本稿では恩師の筆者への訓戒を紹介した。そこには筆者を通して、師が門下生全員に語ろうとした豊かな内容があると思うからである。この拙い文章が道兄諸氏のお役にたてれば幸いである。

• 出会い
師範を語るにあたり、恐縮ではあるが、簡単に自己紹介をさせて戴きたい。師範が秋田県角館町に生まれ、郷土をこよなく愛したことは多くの人に知られている。私の故郷も師範と同じ東北にある。

俳聖松尾芭蕉が書き記した「奥の細道」の中の名句にもあげられる「閑さや岩にしみ入る蝉の声」 の舞台として登場する山形市の山寺である。この地は宝珠山立石寺として天台宗の三代座主であった慈覚大師(円仁) によって比叡山延暦寺の別院として開かれた。 平泉の中尊寺と並ぶ東北の二大本山とも言われ、昔からその門前町であった。

私はこの地で父八郎と母チヨの間に二人兄弟の長男として生まれた。昭和22年11月21日のことである。小・中学校とも地元で学び、高校は山形市内の県立山形中央高等学校へ進んだ。高校では柔道部に籍を置き、昭和39年秋に行われたオリンピック東京大会の柔道競技をテレビで見ながらオリンピック選手に憧れたものである。

ある夏の合宿練習に国士舘大学の柔道部員が指導に来てくれた。高校生の我々がどのように頑張っても全く歯が立たず、その強さに驚いたものである。しかしその指導ぶりは懇切丁寧でとても優しく、頼りになる兄貴と言った感じであった。

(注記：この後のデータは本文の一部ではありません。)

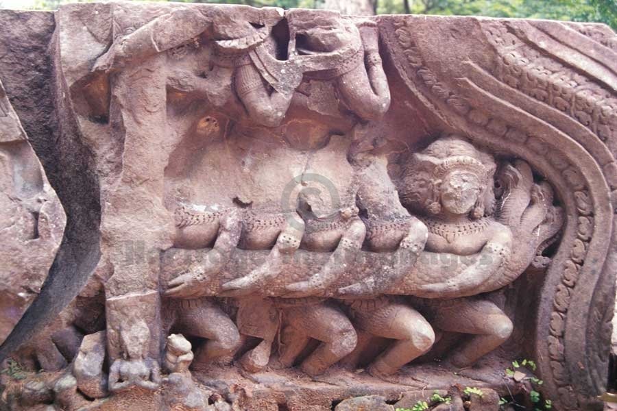 Preah Khan - A scene from Samudramanthan. Dedicated to Lord Vishnu and Lord Buddh, it was bulit by King Jayavarman VII in AD 1191 in memory of his father. Preah Khan was conscerated in 1191 to Boddhisatva Lokeshwara, Jayavarmeshwar. It was built by Jayavarman VII in the memory of his father Dharanindravarman. The statue was placed in the central sanctuary. There are three temples around the central sanctuary. The north temple is dedicated to Lord Shiv, west temple to Lord Vishnu and south temple to other deities. According to the insctiption found in the temple, 1500 tonnes of copper was used for ornamenting the walls. The entrance of the temple is flanked by devatās and asuras and people were residing inside its premises. It is located on the north of its own baray called Jayatatāk covering 56 hectares. It was a temple, monastery and a centre of learning. (Image # 00222).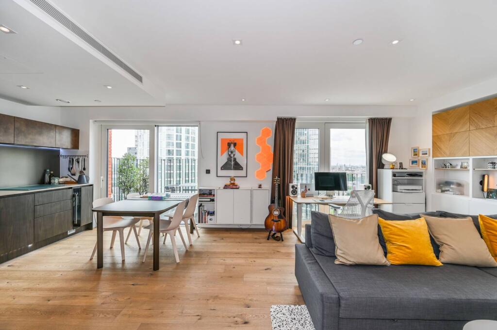 LONG LET. Set within an exclusive Nine Elms development, this gorgeous 16th floor apartment offers 1 bright double bedrooms, stunning views from the private balcony and a wonderful open plan reception room.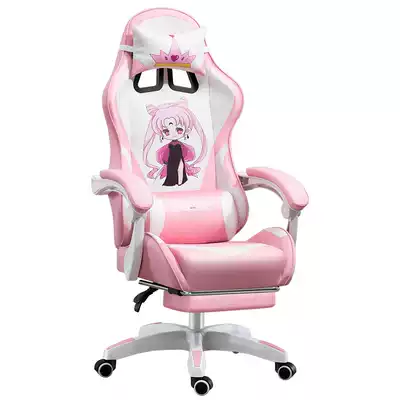 Home sedentary comfortable backrest computer chair can lie down game live video sports chair girl's pink anchor chair chair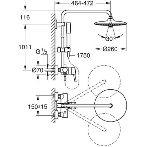 Верхний душ; Ручной душ; Штанга; Кронштейн; Шланг; Набор креплений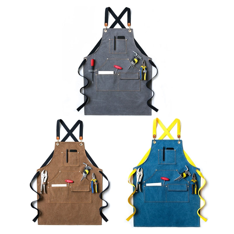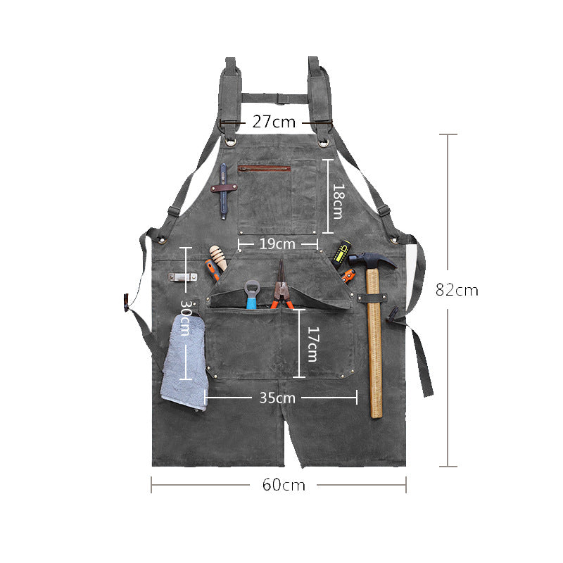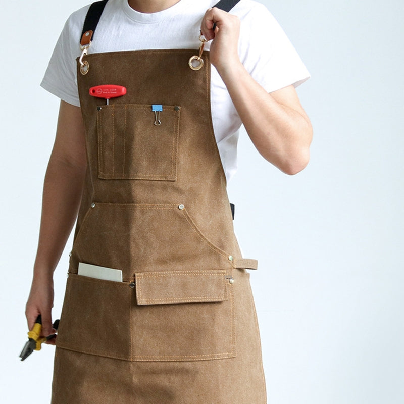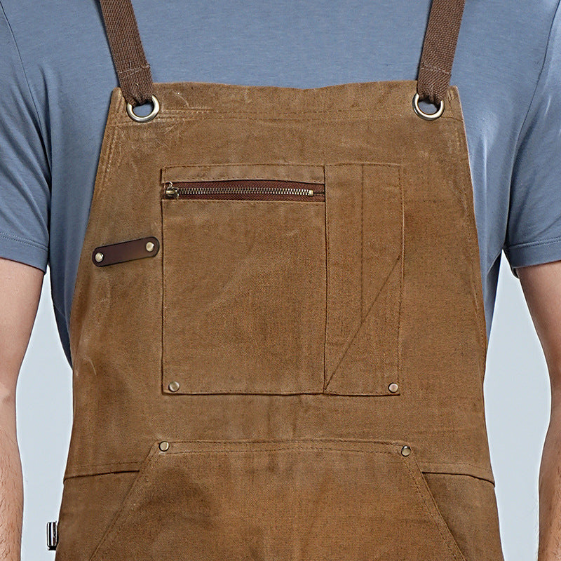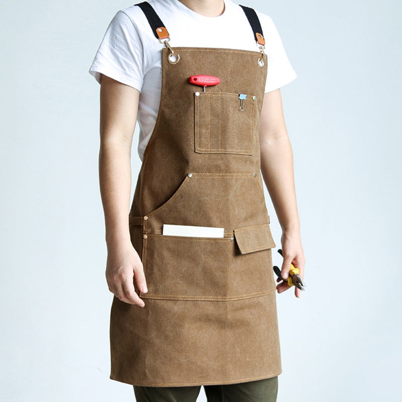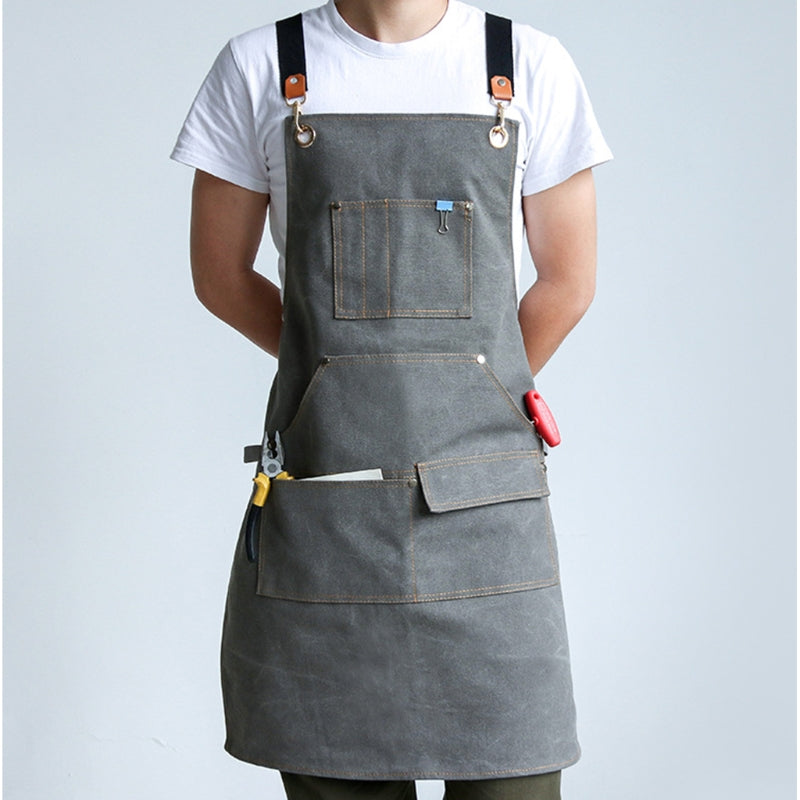Waterproof Adjustable Cross Back Canvas Apron With Pockets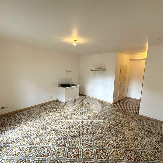 T2 apartment, 1st floor, right in the town centre, living area 43 m² with balcony, comprising a living room with kitchenette (23 m², not equipped), bedroom, shower room with WC.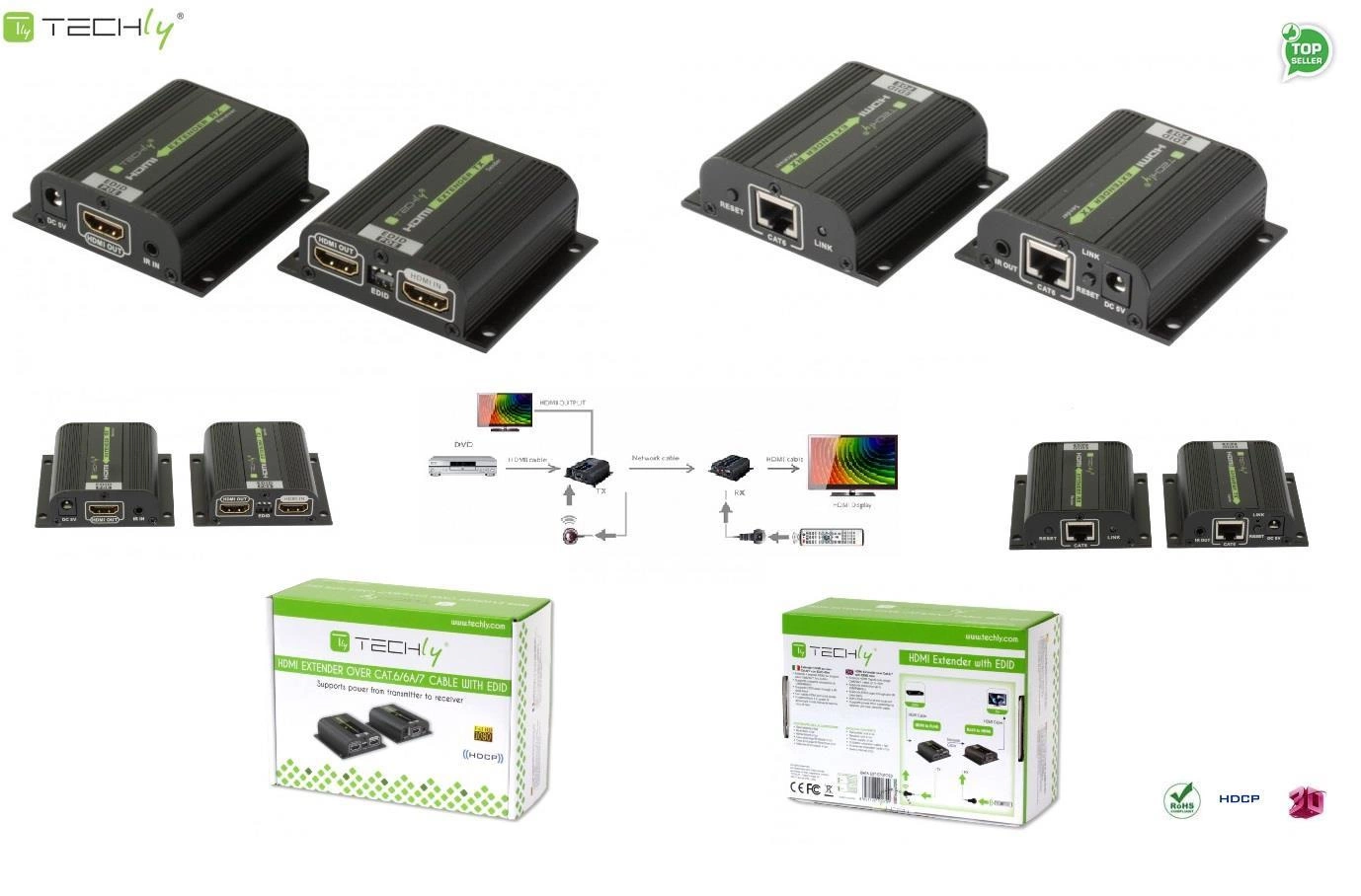 Extender HDMI Techly po skrętce Cat.6/6a/7, do 40m, EDID IR POE/POC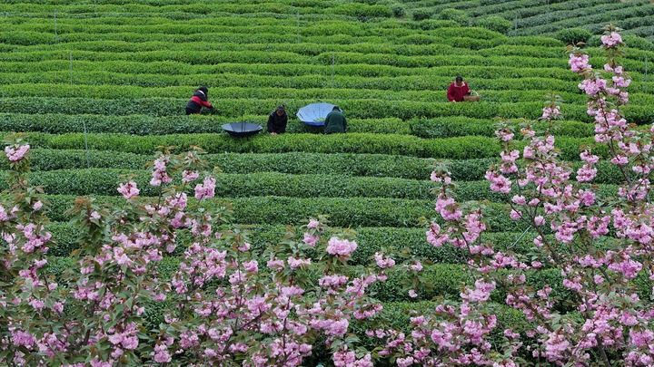 2024年4月6日,村民在貴州省遵義市鳳岡縣永安鎮(zhèn)田壩社區(qū)茶葉基地采摘春茶(無(wú)人機(jī)照片)。新華社發(fā)(王超 攝)

こうして41年春、国士舘大学法学部に入学した。当初は柔道部に入るという目的を持っていたが、結局実現しなかった。と言うのは入学と同時に入った学生寮の先輩の勧めで合気道部に入部することになったからである。初めて富木先生にお目にかかったのは、部の昇段審査会に来られた時だった。瞼は半眼に開いた感じで奥に光る眼光が鋭く、とても怖い先生と言うのが第一印象だった。この武人との出会いが私の人生を結果として規定することになる。